• [Problem details] From the line with "Suyog is a app" through the line with "수2) : 실버 3 |", repeat the entries verbatim, both end lines included, and add nothing.

• [Records for the task]
----------------
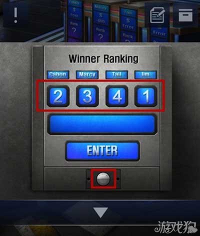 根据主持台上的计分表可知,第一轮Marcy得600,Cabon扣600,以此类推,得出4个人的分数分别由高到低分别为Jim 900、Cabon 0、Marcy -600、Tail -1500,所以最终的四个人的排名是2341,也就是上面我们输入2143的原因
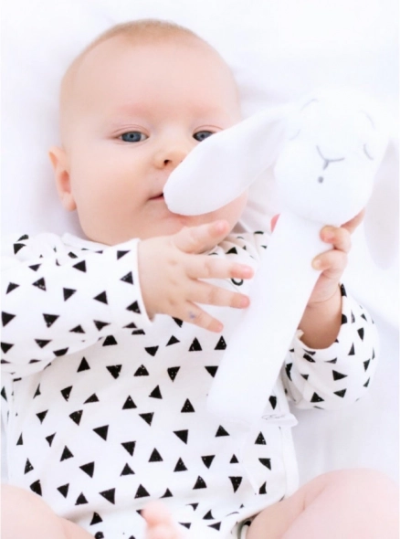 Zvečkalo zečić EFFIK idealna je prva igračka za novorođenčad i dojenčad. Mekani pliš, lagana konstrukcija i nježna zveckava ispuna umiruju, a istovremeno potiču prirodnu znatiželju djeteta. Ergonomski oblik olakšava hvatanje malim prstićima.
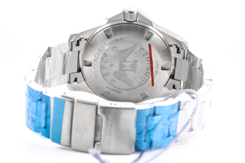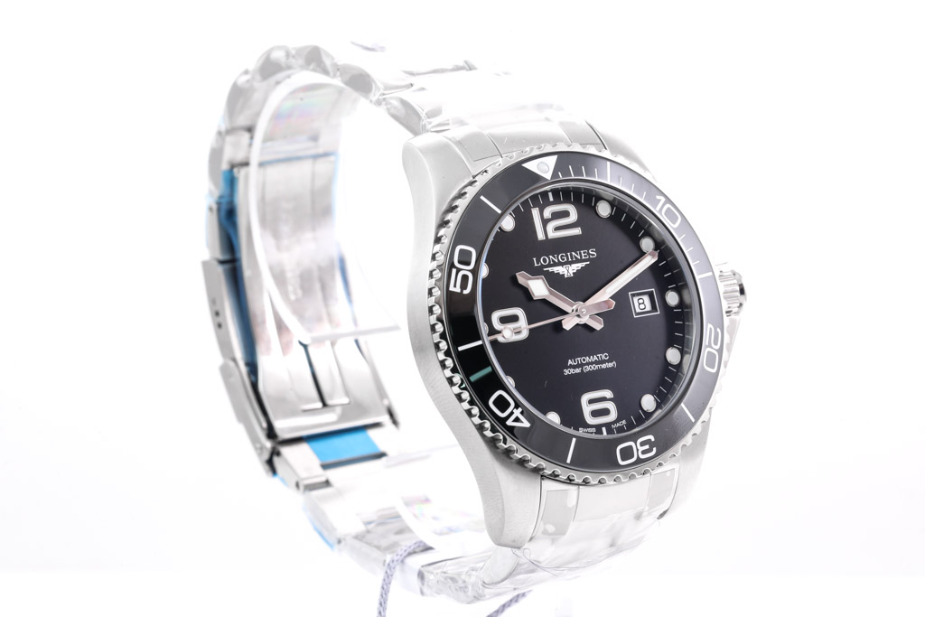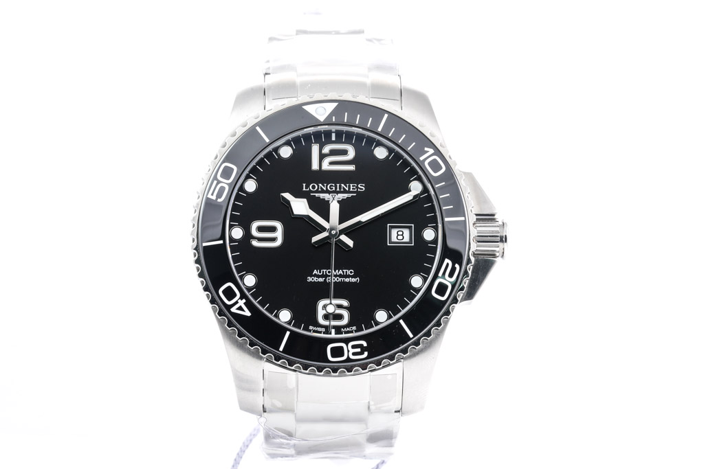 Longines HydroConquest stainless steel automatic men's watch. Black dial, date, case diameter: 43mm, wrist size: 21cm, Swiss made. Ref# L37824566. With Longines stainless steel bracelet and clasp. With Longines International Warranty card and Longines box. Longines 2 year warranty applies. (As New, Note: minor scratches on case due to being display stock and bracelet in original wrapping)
----------------
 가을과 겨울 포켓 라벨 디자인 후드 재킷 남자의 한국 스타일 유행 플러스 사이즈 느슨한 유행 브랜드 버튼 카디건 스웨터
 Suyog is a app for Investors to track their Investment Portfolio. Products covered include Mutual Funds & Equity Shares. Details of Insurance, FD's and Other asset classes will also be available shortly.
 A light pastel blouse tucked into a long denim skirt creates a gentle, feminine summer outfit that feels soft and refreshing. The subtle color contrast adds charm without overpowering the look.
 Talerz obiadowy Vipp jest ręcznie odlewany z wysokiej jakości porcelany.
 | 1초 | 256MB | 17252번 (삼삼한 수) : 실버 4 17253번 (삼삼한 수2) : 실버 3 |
----------------
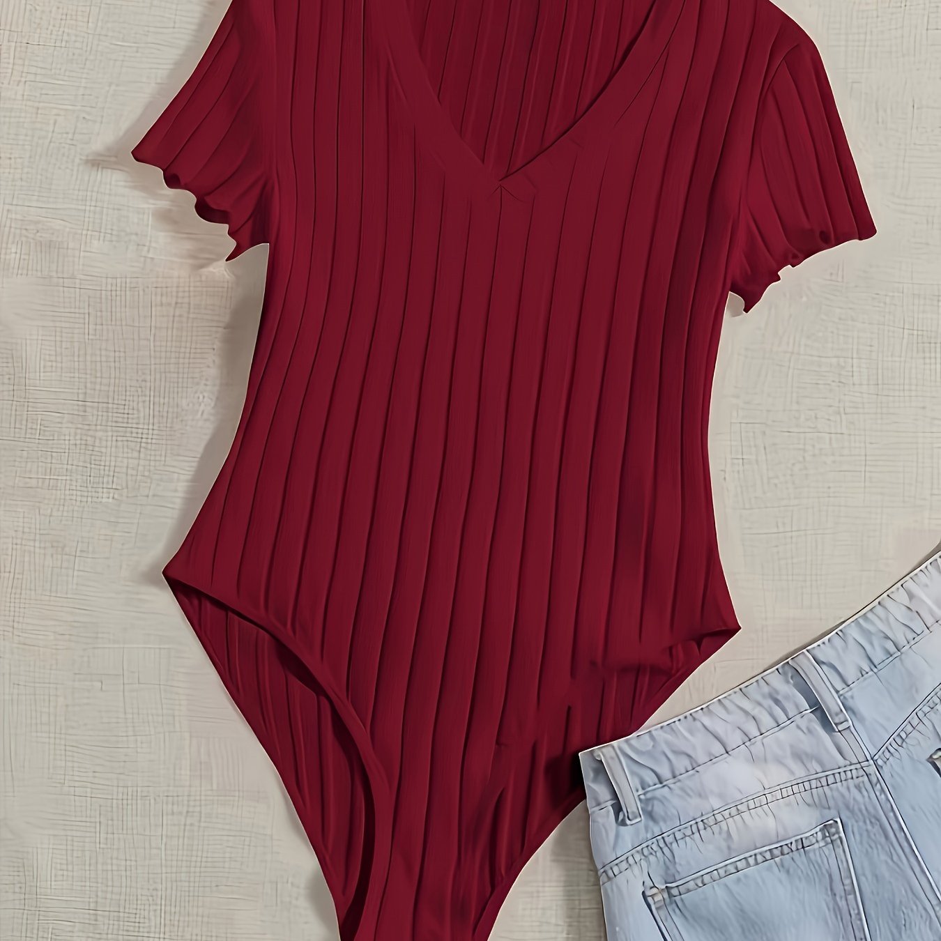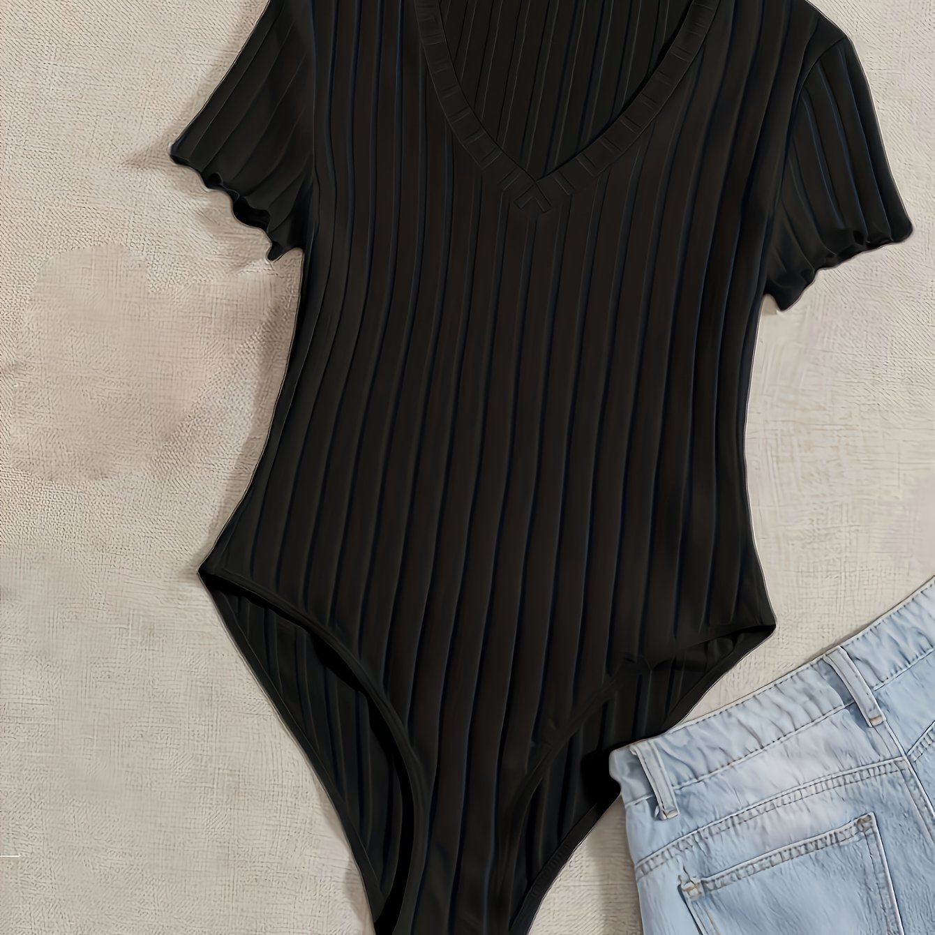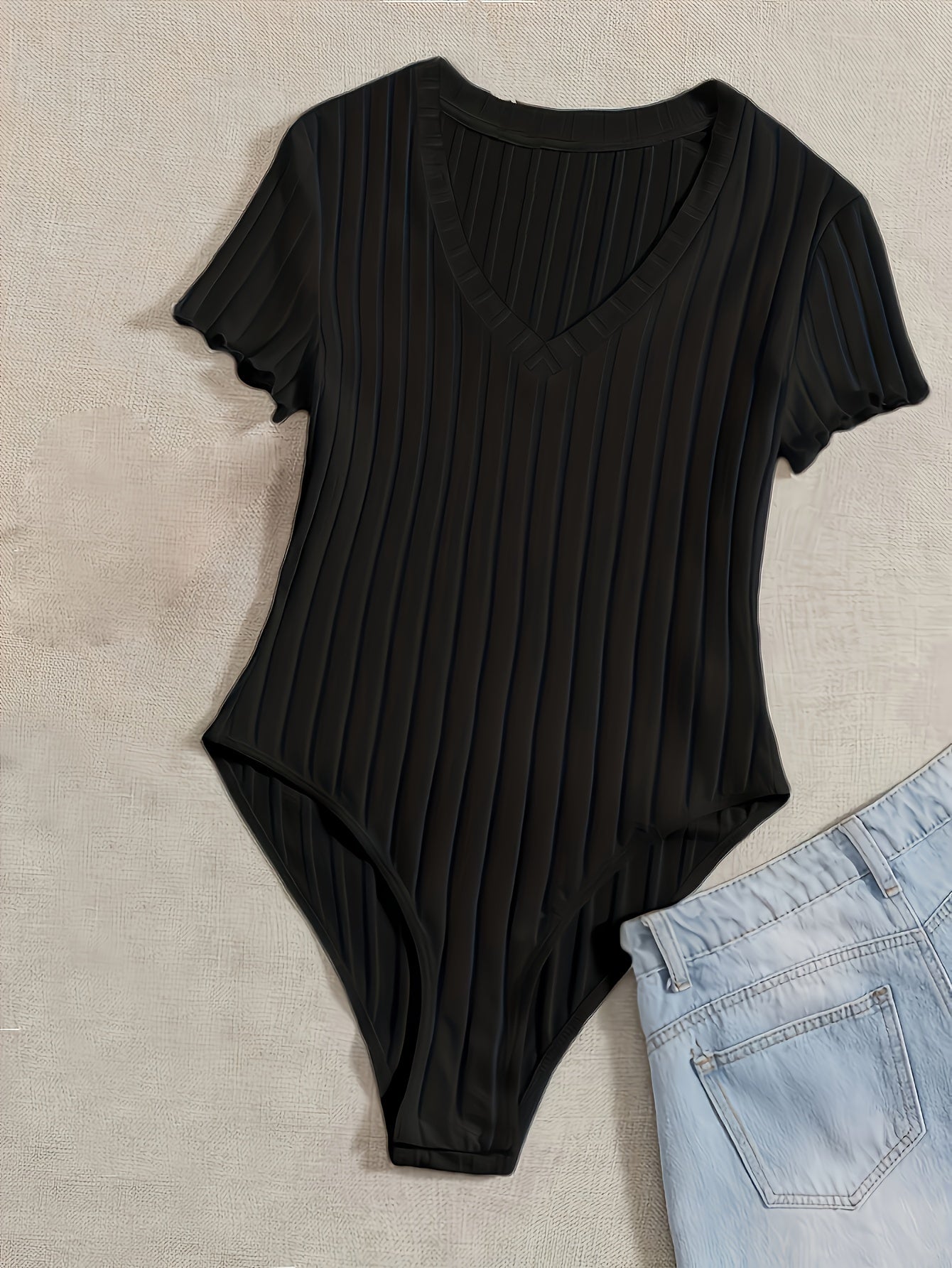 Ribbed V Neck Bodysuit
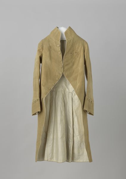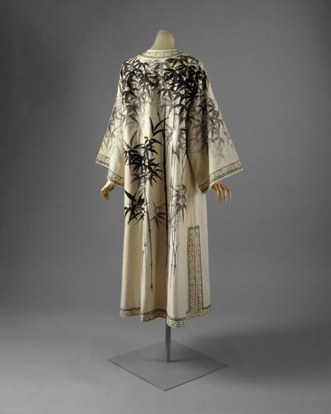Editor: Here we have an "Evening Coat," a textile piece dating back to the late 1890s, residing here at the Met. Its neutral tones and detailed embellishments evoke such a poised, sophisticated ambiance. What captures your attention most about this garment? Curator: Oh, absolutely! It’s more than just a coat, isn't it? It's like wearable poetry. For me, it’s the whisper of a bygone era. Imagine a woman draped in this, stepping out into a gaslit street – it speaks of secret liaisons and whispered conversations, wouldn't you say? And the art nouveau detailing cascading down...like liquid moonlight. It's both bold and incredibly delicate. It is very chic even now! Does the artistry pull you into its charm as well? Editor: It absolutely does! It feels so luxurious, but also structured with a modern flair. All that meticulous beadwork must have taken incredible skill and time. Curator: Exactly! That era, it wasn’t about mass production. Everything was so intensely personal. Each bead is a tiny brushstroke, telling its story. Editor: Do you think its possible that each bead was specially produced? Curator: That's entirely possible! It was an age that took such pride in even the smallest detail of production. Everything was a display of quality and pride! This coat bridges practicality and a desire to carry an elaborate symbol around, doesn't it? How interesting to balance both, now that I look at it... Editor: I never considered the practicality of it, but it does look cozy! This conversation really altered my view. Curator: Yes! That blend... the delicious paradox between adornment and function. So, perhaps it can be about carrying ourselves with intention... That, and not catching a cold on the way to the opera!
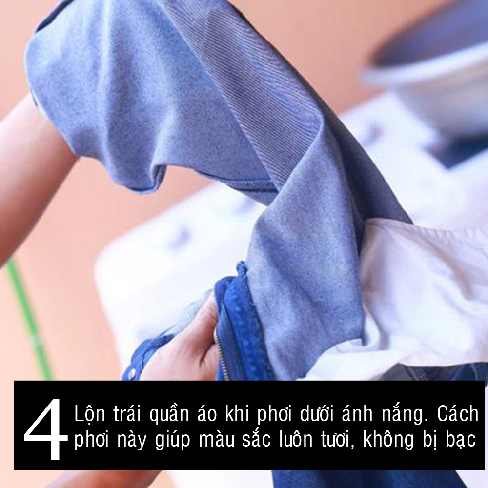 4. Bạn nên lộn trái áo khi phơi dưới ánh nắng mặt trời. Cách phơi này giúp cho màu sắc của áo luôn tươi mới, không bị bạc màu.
----------------
• [Result of this task]
 Suyog is a app for Investors to track their Investment Portfolio. Products covered include Mutual Funds & Equity Shares. Details of Insurance, FD's and Other asset classes will also be available shortly.
 A light pastel blouse tucked into a long denim skirt creates a gentle, feminine summer outfit that feels soft and refreshing. The subtle color contrast adds charm without overpowering the look.
 Talerz obiadowy Vipp jest ręcznie odlewany z wysokiej jakości porcelany.
 | 1초 | 256MB | 17252번 (삼삼한 수) : 실버 4 17253번 (삼삼한 수2) : 실버 3 |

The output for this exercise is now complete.